Postoperative TR grade II, III and IV were defined as recurrent TR. Three of 28 patients in group A and five of 26 patients in group B developed recurrent TR during the three years of follow-up. Freedom from recurrent TR in both groups is shown in Figure 3. Patients in group A had higher freedom from recurrent TR than those in group B during each postoperative follow-up period.
Colour Doppler echocardiography data before operation, at postoperative day 9 and during the follow-up periods are listed in Table 3. Postoperative and follow-up RA diameter, RV endodiastolic dimension and TR area decreased obviously compared with those before operation in both groups. Comparing RA diameter change before and after operation in both groups showed no significant difference. RV endodiastolic dimension and TR area at postoperative day 9 and during the follow-up periods decreased more in group A as compared with those in group B.
FTR occurs mainly in patients with concomitant left sided valve disease, leading to tricuspid annular dilatation and tricuspid valve leakage during systoles even in the presence of normal leaflets and chordae tendinae.17 Once the tricuspid annulus is dilated, its size cannot spontaneously return to normal and may continue to dilate further.18 Persistent FTR has been increasingly recognized as a significant marker for long-term survival and should be corrected when left sided valve surgery is performed.

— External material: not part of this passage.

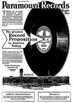 In the early 20th century, the Wisconsin Chair Company of Port Washington operated a chair factory in the village. At the time, the company was the largest business in Ozaukee County, employing one-sixth of all workers.[33] Among other the wooden furniture, the company manufactured phonographs for Edison Records. In 1917, the company decided to start its own subsidiary record label: Paramount Records. In the 1920s, Paramount produced records for African-American consumers, and from 1929 to 1935, Paramount recorded and manufactured records in-house at the Grafton chair factory before closing during the Great Depression.[8]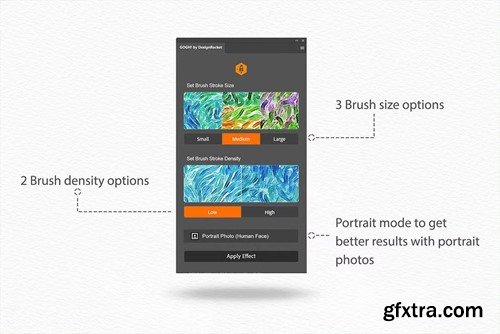 Unleash the artist within and transform your photographs into masterpieces with “GOGH!”, the innovative Photoshop plugin that reimagines your images with the timeless beauty of oil paintings. With a suite of customizable brush strokes and densities, “GOGH!” offers control over the artistic process, allowing you to fine-tune your creations to perfection. Key Features: Customizable Brush Strokes: Choose from small, medium, or large sizes to match the scale and detail of your subject. Adjustable Brush Densities: Opt for a subtle or bold effect with low or high density settings. Portrait Mode: Specially designed to enhance the human face, ensuring your portraits are picture-perfect.

Several basic types of tricuspid annuloplasty have been reported in recent years. These suturing methods mainly focus on shortening the annulus and resolving the incomplete tricuspid valve coaptation. If properly applied, they can achieve the desired results. The tricuspid valve has a D shaped annulus and its chronic changes of annulus dilatation are not uniformly distributed. The straight sided, annulus being the base for the septal leaflet is hardly affected by dilatation. The free mural annulus has more expanding capability. An increased length of the mural annulus occupies a dominant position when annular dilatation occurs and this forms the dominant mechanism of FTR.19,20 Regurgitation often occurs primarily at the posteroseptal commissure, for the posterior annulus has the greater expansion and the papillary, chordae tendinae of the posterior leaflet has a weaker pulling force.21
Kay described the technique of suture bicuspidization to correct TR. The figure eight suture, procedure replicating the posterior leaflet is known as reduction annuloplasty and is relatively simple, while it changes the natural anatomy and the physiological state of the annulus. Compared to the Kay method, the modified method is a type of remodelling annuloplasty by shortening the dilated annulus without obliterating the posterior leaflet yet retaining the nonplanar shape of the tricuspid valve, so it can maintain the posterior leaflet coaptation function during the systolic process. It may also provide more normal stress distribution to the leaflet, thus saving the posterior leaflet.
In our surgical procedure, three patients underwent ring annuloplasty using a semirigid Carpentier-Edwards ring for failing suture annuloplasty, in whom the tricuspid annular diameter was dilated to greater than twice the normal size. Other surgical options should be considered for high risk of repair failure.22 Ring annuloplasty was not one of our usual surgical procedures until 2009 in view of costs to the patient.
Changes in preoperative and postoperative TR grade in Figure 2 showed marginal difference between the two groups at 36 months. Significant differences of postoperative data, yearly follow-up and preoperative RV endodiastolic dimension and TR area between the two groups showed that the echocardiographic indexes were advantageous in group A. Although the follow-up TR grades were marginally better in group A, that does not prove that the modified method is better than the conventional Kay annuloplasty. There are at least three reasons for this. Dreyfus et al5 reported that tricuspid insufficiency may persist or recur and produce persistent continued morbidity: persistence of the rheumatic situation may impair the cardiac muscle in a fibrotic manner, leading to irreversible impairment of the tricuspid valve annulus. Another study by Porter et al23 also demonstrated that the haemodynamic basis of the right ventricle and tricuspid valve annulus dilation may continue to exist after operation, thus forming a vicious cycle. In addition, the echocardiographic data obtained from different studies are subject to significant selection and ascertainment bias.24 Our study did not include the influence of atrial fibrillation (AF) on TR. The latest research shows that severe FTR occurs in older patients with chronic AF because of marked right atrial and right ventricular dilation and enlargement of the tricuspid annulus.25,26 So, further studies including AF status are needed to confirm the efficacy of the modified annuloplasty technique. One of our recurrent TR patients died from intractable heart failure and another from cerebral haemorrhage. Although the rest of the recurrent TR patients now have good heart function, further follow-up and larger clinical series are required to establish the long-term stability of this repair technique.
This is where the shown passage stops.